##### Information provided

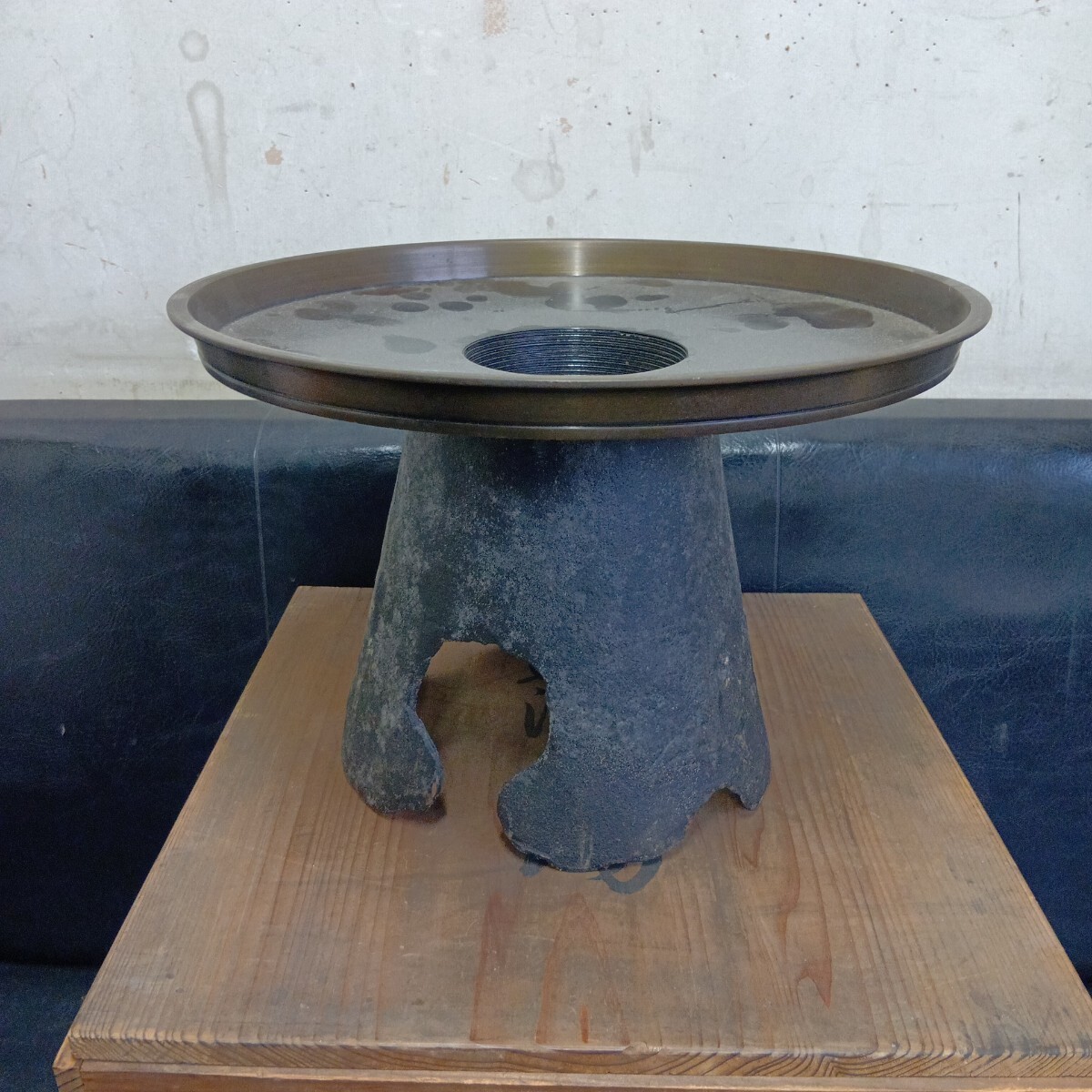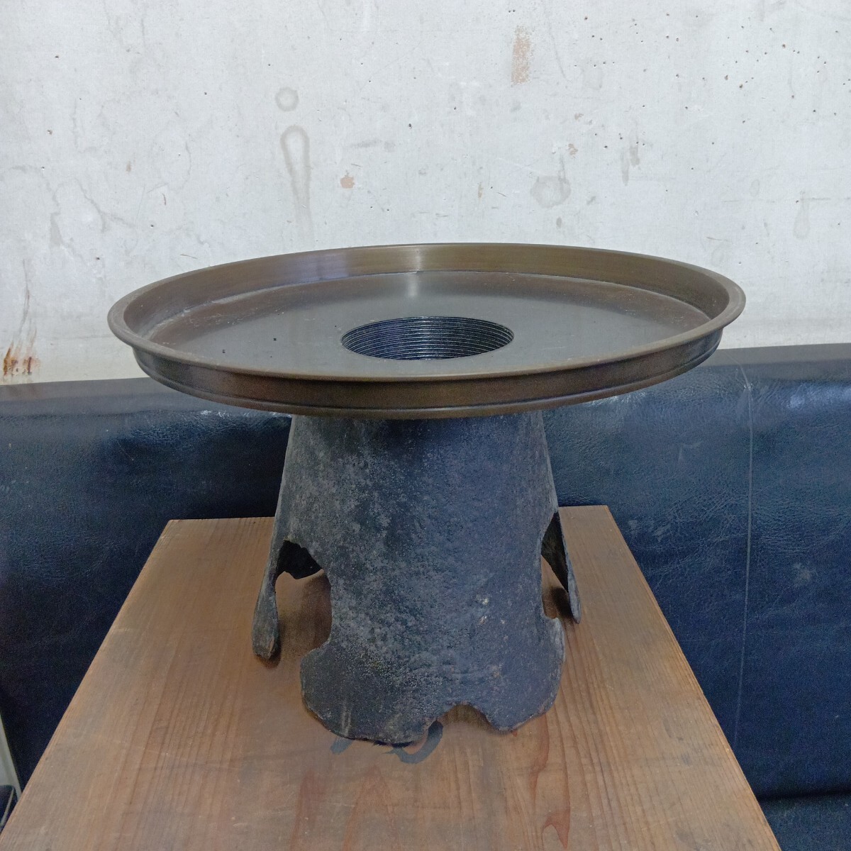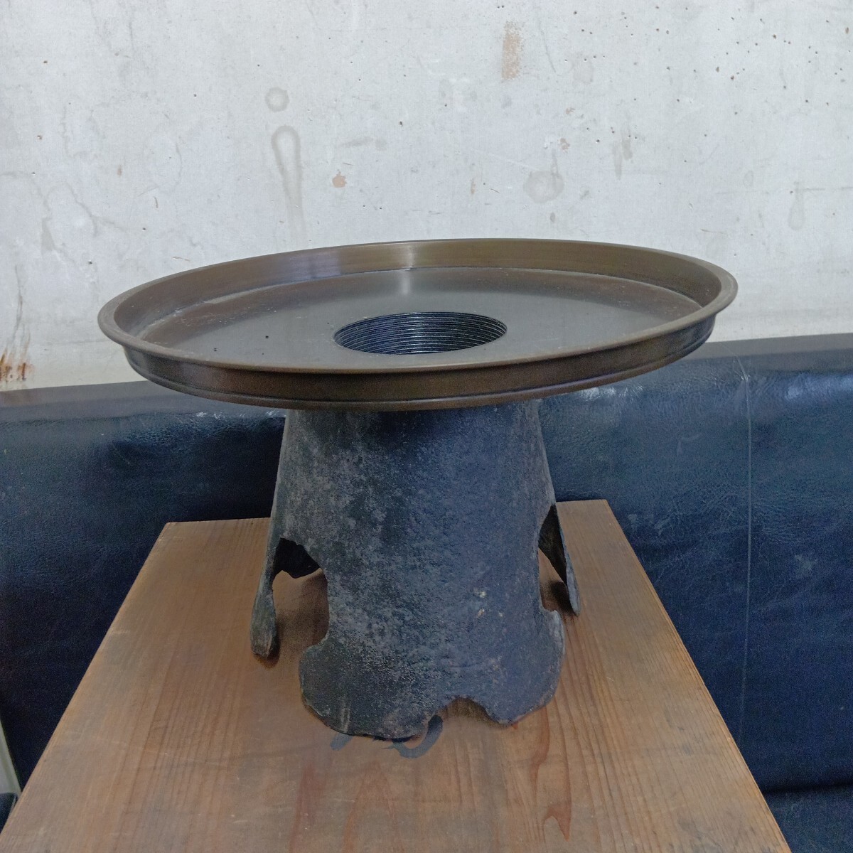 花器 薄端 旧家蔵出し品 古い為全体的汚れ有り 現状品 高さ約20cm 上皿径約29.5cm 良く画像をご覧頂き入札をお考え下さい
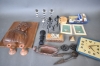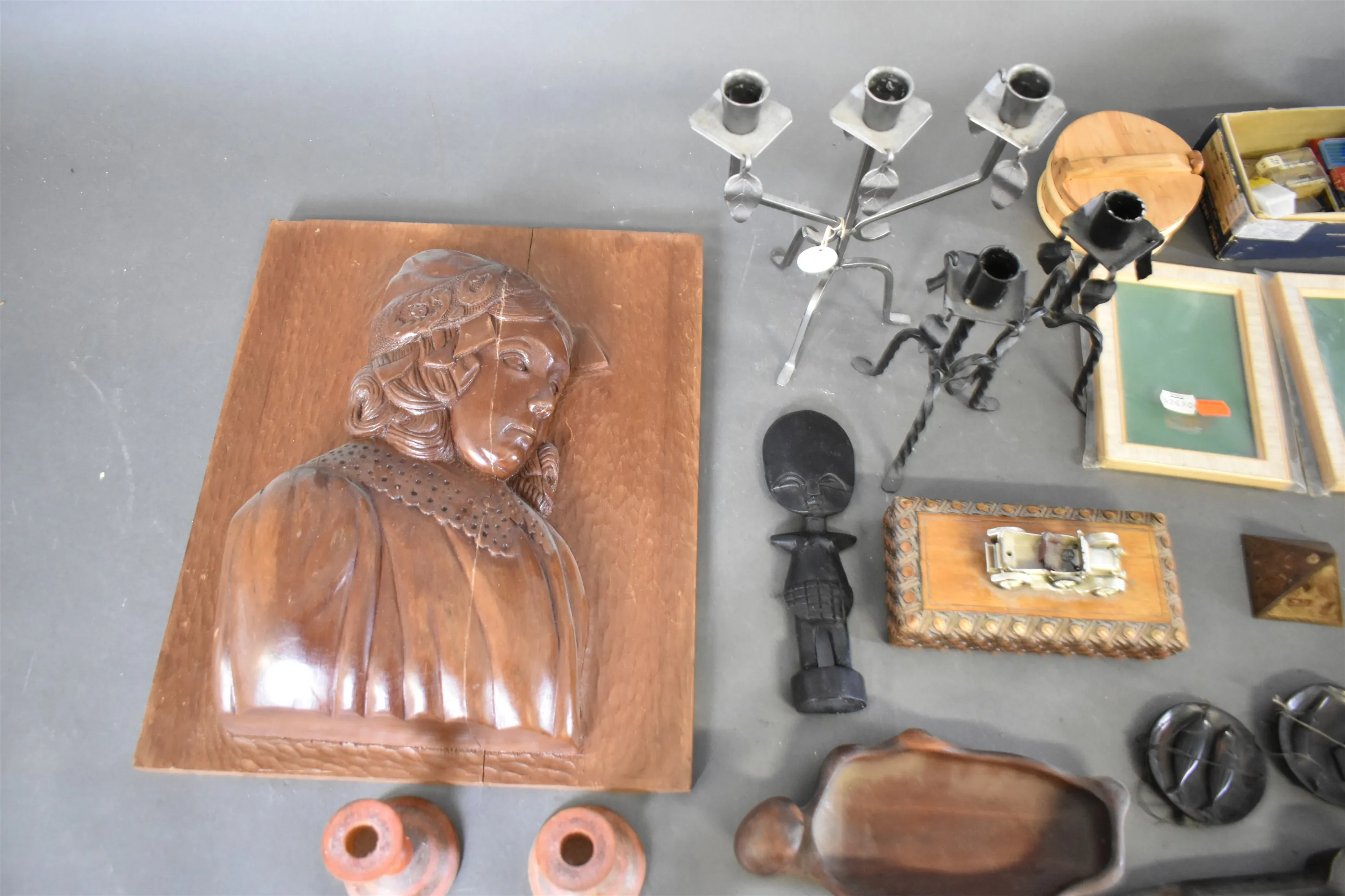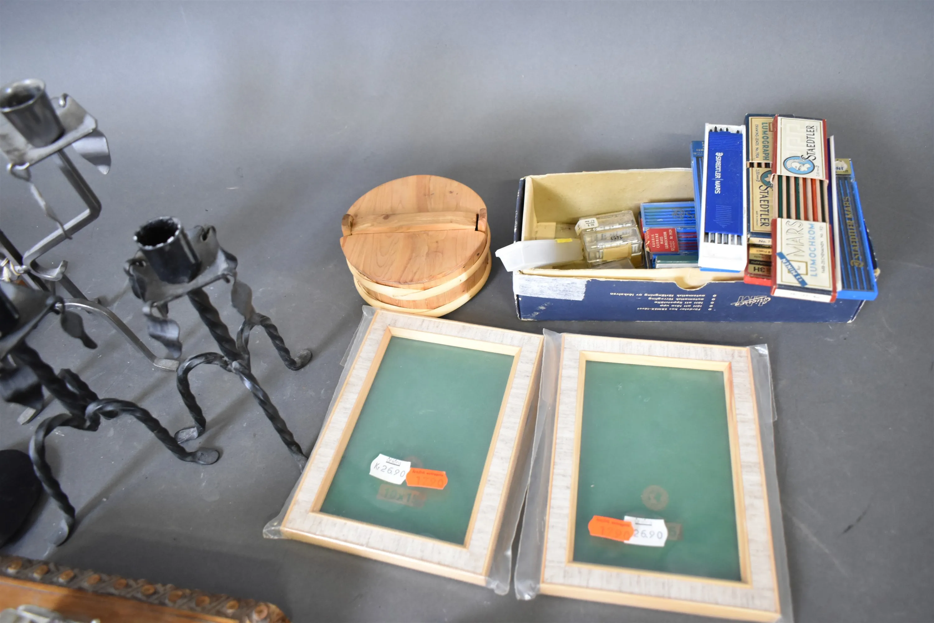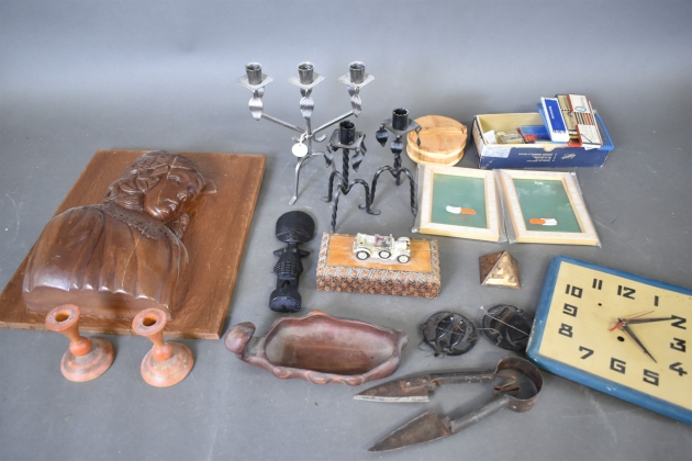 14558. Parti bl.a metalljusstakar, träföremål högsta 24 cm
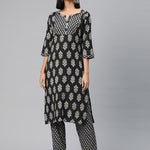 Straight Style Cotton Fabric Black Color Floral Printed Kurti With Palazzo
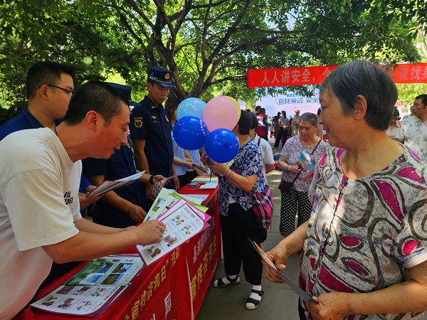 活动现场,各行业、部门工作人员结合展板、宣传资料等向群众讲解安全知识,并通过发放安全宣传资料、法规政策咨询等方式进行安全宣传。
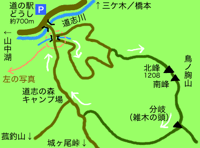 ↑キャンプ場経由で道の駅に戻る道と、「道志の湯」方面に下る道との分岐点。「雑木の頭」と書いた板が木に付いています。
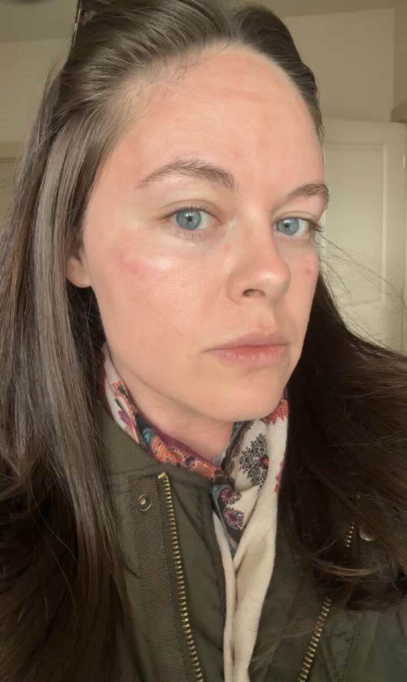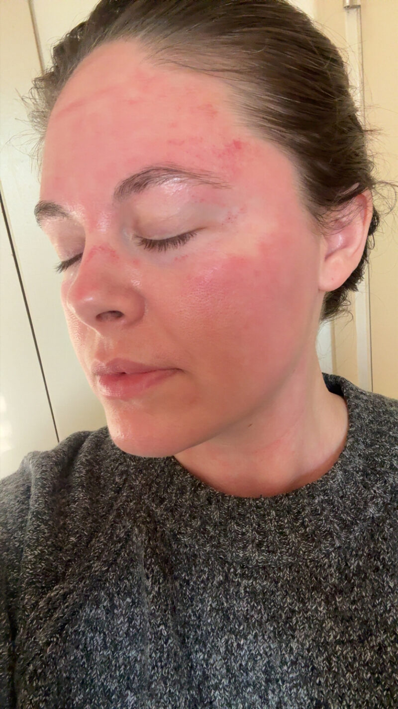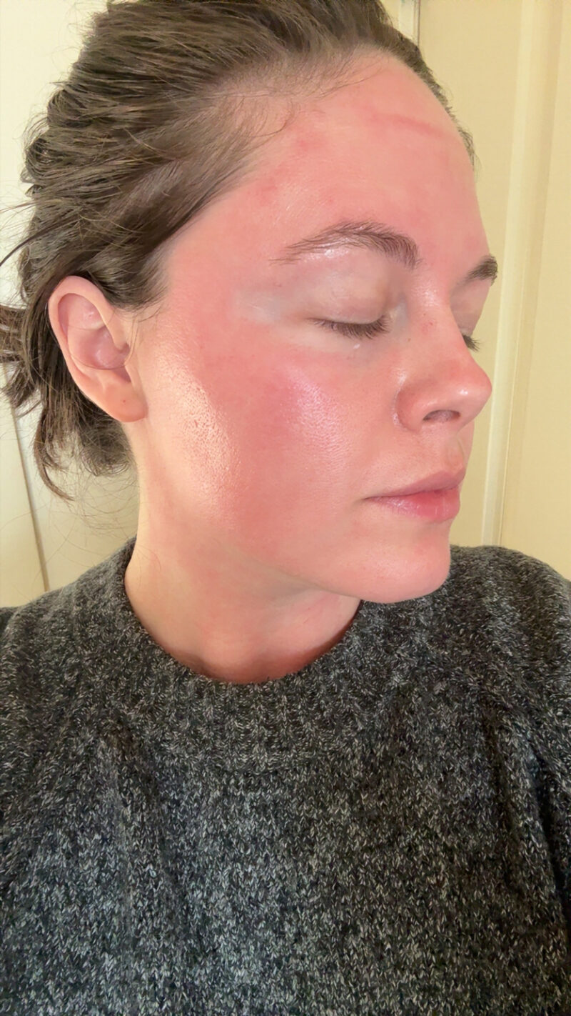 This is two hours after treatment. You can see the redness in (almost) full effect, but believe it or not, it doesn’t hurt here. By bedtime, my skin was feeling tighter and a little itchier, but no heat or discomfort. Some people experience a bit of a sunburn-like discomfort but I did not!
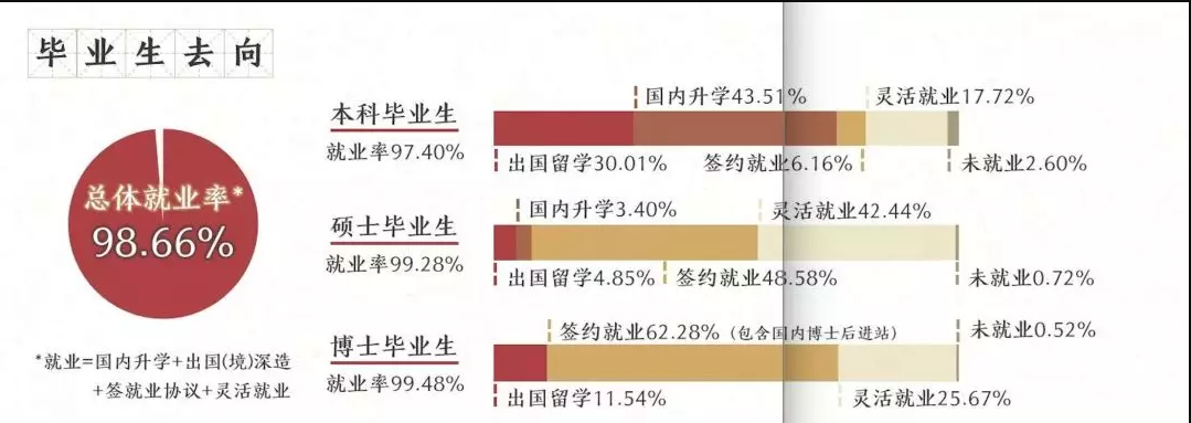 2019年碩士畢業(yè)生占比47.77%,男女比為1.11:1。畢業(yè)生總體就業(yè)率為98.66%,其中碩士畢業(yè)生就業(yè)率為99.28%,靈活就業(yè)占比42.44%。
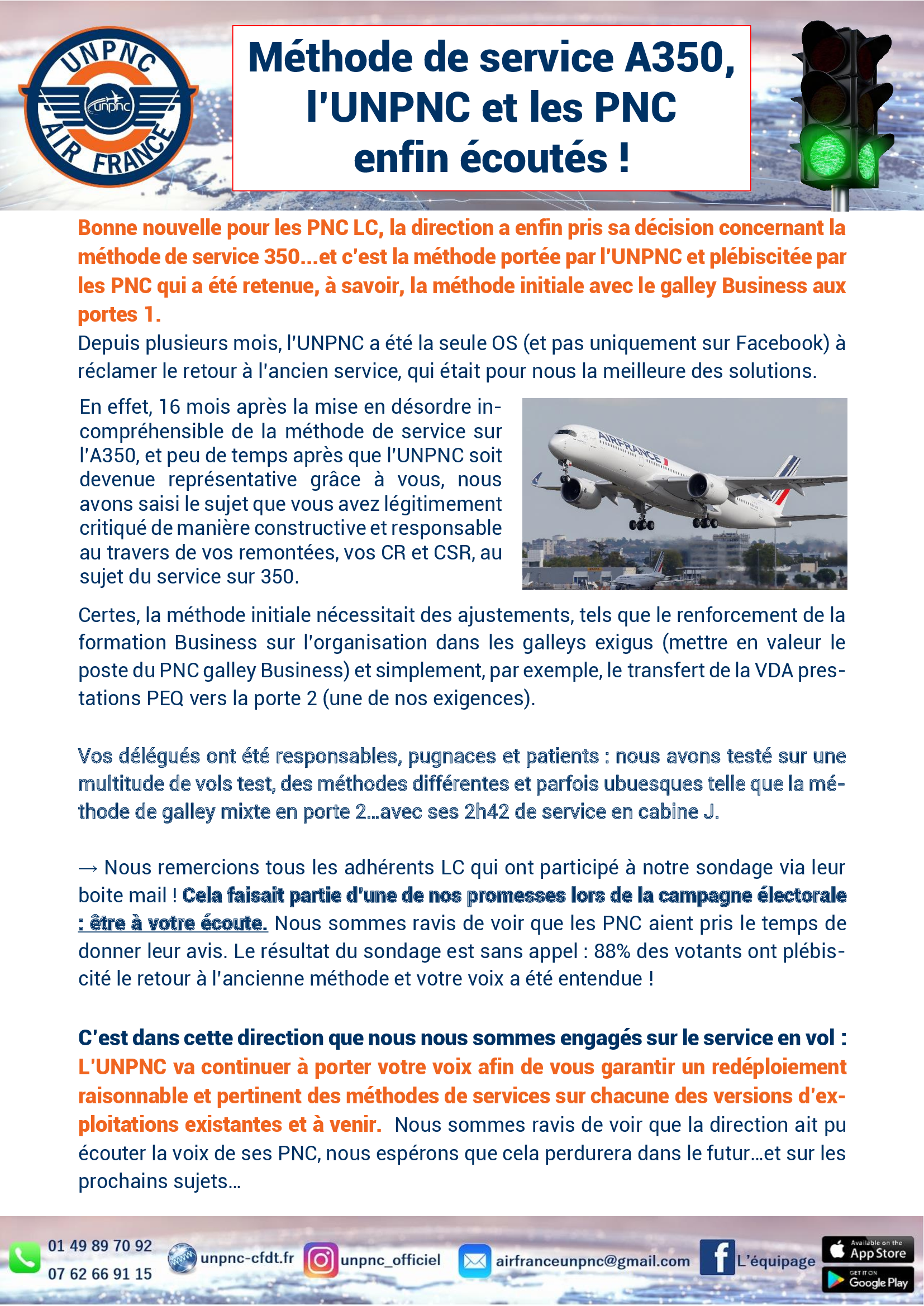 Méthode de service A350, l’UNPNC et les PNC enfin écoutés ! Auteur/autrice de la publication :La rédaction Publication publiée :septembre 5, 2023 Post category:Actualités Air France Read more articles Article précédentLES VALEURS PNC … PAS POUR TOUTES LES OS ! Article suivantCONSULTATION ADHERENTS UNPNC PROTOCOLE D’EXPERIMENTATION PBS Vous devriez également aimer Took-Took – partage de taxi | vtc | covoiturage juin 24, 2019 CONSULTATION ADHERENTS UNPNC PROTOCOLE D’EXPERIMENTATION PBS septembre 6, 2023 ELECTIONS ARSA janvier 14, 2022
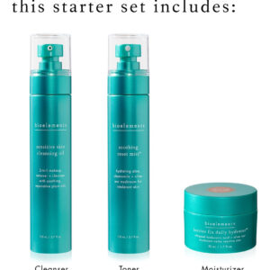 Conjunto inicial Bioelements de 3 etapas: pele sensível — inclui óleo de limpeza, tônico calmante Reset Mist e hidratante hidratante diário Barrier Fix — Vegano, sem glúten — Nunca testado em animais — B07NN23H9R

##########

§ **What to work on**:
The finished answer is an exact repetition of the listing, with every picture removed.

§ **Result**:
 花器 薄端 旧家蔵出し品 古い為全体的汚れ有り 現状品 高さ約20cm 上皿径約29.5cm 良く画像をご覧頂き入札をお考え下さい
 14558. Parti bl.a metalljusstakar, träföremål högsta 24 cm
 Straight Style Cotton Fabric Black Color Floral Printed Kurti With Palazzo
 活动现场,各行业、部门工作人员结合展板、宣传资料等向群众讲解安全知识,并通过发放安全宣传资料、法规政策咨询等方式进行安全宣传。
 ↑キャンプ場経由で道の駅に戻る道と、「道志の湯」方面に下る道との分岐点。「雑木の頭」と書いた板が木に付いています。
 This is two hours after treatment. You can see the redness in (almost) full effect, but believe it or not, it doesn’t hurt here. By bedtime, my skin was feeling tighter and a little itchier, but no heat or discomfort. Some people experience a bit of a sunburn-like discomfort but I did not!
 2019年碩士畢業(yè)生占比47.77%,男女比為1.11:1。畢業(yè)生總體就業(yè)率為98.66%,其中碩士畢業(yè)生就業(yè)率為99.28%,靈活就業(yè)占比42.44%。
 Méthode de service A350, l’UNPNC et les PNC enfin écoutés ! Auteur/autrice de la publication :La rédaction Publication publiée :septembre 5, 2023 Post category:Actualités Air France Read more articles Article précédentLES VALEURS PNC … PAS POUR TOUTES LES OS ! Article suivantCONSULTATION ADHERENTS UNPNC PROTOCOLE D’EXPERIMENTATION PBS Vous devriez également aimer Took-Took – partage de taxi | vtc | covoiturage juin 24, 2019 CONSULTATION ADHERENTS UNPNC PROTOCOLE D’EXPERIMENTATION PBS septembre 6, 2023 ELECTIONS ARSA janvier 14, 2022
 Conjunto inicial Bioelements de 3 etapas: pele sensível — inclui óleo de limpeza, tônico calmante Reset Mist e hidratante hidratante diário Barrier Fix — Vegano, sem glúten — Nunca testado em animais — B07NN23H9R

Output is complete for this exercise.